▶ _Saved entries_:
★ ★ ★ ★
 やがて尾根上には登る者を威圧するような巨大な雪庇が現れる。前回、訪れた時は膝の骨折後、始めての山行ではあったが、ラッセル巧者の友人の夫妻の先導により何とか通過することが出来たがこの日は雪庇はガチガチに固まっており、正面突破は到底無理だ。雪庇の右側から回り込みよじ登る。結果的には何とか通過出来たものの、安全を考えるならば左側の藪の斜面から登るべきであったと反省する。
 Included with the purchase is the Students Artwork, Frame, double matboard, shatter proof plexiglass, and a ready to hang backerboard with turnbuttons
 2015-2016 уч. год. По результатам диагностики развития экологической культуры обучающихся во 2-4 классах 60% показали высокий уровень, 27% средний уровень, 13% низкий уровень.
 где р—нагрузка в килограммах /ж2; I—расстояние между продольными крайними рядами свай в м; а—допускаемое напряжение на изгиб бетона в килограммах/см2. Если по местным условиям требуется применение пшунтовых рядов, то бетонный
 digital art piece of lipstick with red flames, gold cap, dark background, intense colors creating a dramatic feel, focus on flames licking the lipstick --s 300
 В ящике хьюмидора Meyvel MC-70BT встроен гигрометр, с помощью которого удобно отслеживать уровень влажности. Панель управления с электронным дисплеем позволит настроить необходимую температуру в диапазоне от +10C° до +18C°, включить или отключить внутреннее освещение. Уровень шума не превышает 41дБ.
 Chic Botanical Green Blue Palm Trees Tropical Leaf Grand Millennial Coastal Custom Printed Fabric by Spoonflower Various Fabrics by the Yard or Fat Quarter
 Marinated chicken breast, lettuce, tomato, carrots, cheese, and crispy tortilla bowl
★ ★ ★ ★
▶ _TASK DIRECTIONS_:
Your answer should be the lines above from the one containing "2015-2016 уч. год." through the one containing "digital art piece", copied exactly and with both ends kept.

▶ _OUTPUT_:
 2015-2016 уч. год. По результатам диагностики развития экологической культуры обучающихся во 2-4 классах 60% показали высокий уровень, 27% средний уровень, 13% низкий уровень.
 где р—нагрузка в килограммах /ж2; I—расстояние между продольными крайними рядами свай в м; а—допускаемое напряжение на изгиб бетона в килограммах/см2. Если по местным условиям требуется применение пшунтовых рядов, то бетонный
 digital art piece of lipstick with red flames, gold cap, dark background, intense colors creating a dramatic feel, focus on flames licking the lipstick --s 300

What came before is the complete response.